Ceux que la nature a maltraité deviennent souvent aigris, vindicatifs, et en veulent au reste de l'humanité. Chez Sartre, c'est le phénomène contraire qui s'est produit. Il était la générosité totale. Il s'est battu tout sa vie pour les deshérités et les victimes, toujours au premier rang du combat. Et souvent, derrière ce premier rang il n'y en avait pas d'autre. Penseur discutable, il fut un homme exemplaire.

La deuxième raison qui m'a fait me méfier de lui, c'est qu'il était un « bourgeois qui-aime-le-peuple ». Jean-Paul Sartre, fils d'officier, petit-neveu de théologien, est le père et le grand-père d'une foule d'intellectuels, nés dans le linge fin, élevés dans les salons et les grandes écoles et qui « se penchent » avec sollicitude vers le peuple. Que peuvent-ils comprendre de ses besoins profonds ? Ils sont séparés de lui par leur éducation, par leurs nourritures, par leurs soucis, par les automatismes de leurs pensées forgées à grands coups de mots abstraits.

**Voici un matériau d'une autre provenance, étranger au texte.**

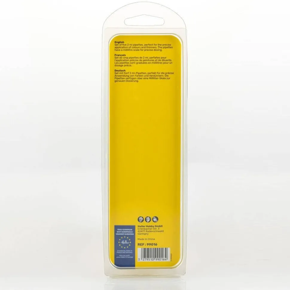 Set de cinq pipettes de 2ml, parfaites pour l’application précise de peintures et de diluants. Les pipettes sont graduées en millilitres pour un dosage précis.

Ils sont différents. Il n'y a pas plus de points communs entre un diplômé de Normale Supérieure et un O.S. de Billancourt qu'entre un cheval et une alouette.

On l'a bien vu en mai 68, quand les étudiants « insurgés » ont voulu faire la jonction avec les grévistes : leurs cortèges ont été stoppés par les grilles fermées des usines. On s'est regardé à travers les barreaux, puis les jeunes intellectuels sont retournés jouer avec les C.R.S. et tracer des solgans sublimes sur les murs de la Sorbone.

Dans les cours des usines, les transistors chantaient. Parmi les voix qui remplaçaient le vacarme des machines s'élevait celle de Tino Rossi. Marinella... tralalala...lalalala...

Cela ne signifiait rien, ne prétendait pas changer le monde, mais donnait seulement un instant de joie, comme le chant d'un oiseau. Un instant de joie c'est bon à cueillir, même si la voix qui le procure n'est pas de celles à faire péter le cristal. Celle de Tino Rossi évoquait un ciel tout bleu, une Méditerranée sans problème, une Corse paisible et Naples-au-baiser-de-feu... Les vacances... C'était bon à écouter en ce printemps bizarre.

J'avais été un des premiers à l'entendre, il y a près de cinquante ans. A Vichy. Bien avant que la « reine des villes d'eaux » fut devenue une ville d'histoire. La saison de Vichy constituait alors un des moments et des lieux les plus brillants de la vie française. Les meilleurs spectacles de l'année se succédaient dans les trois casinos. Sur les parcs résonnaient au crépuscule les trompettes de Wagner. Dans les rues roulaient doucement de longues voitures aux couleurs de fruits écrasés. Jeune journaliste ignorant, paysan mal transformé par le collège, je passais la moitié de mes nuits étendu sur la moquette du salon d'un vieil ami - il avait plus de trente an et une Panhard-Levassor - à entendre et réentendre la version intégrale de Pelléas et Mélissande, en une pile de 78 tours, sur un phonographe à manivelle. Il était plat. Son haut-parleur était dans le couvercle. Il fallait le remonter toutes les trois minutes. C'était beau.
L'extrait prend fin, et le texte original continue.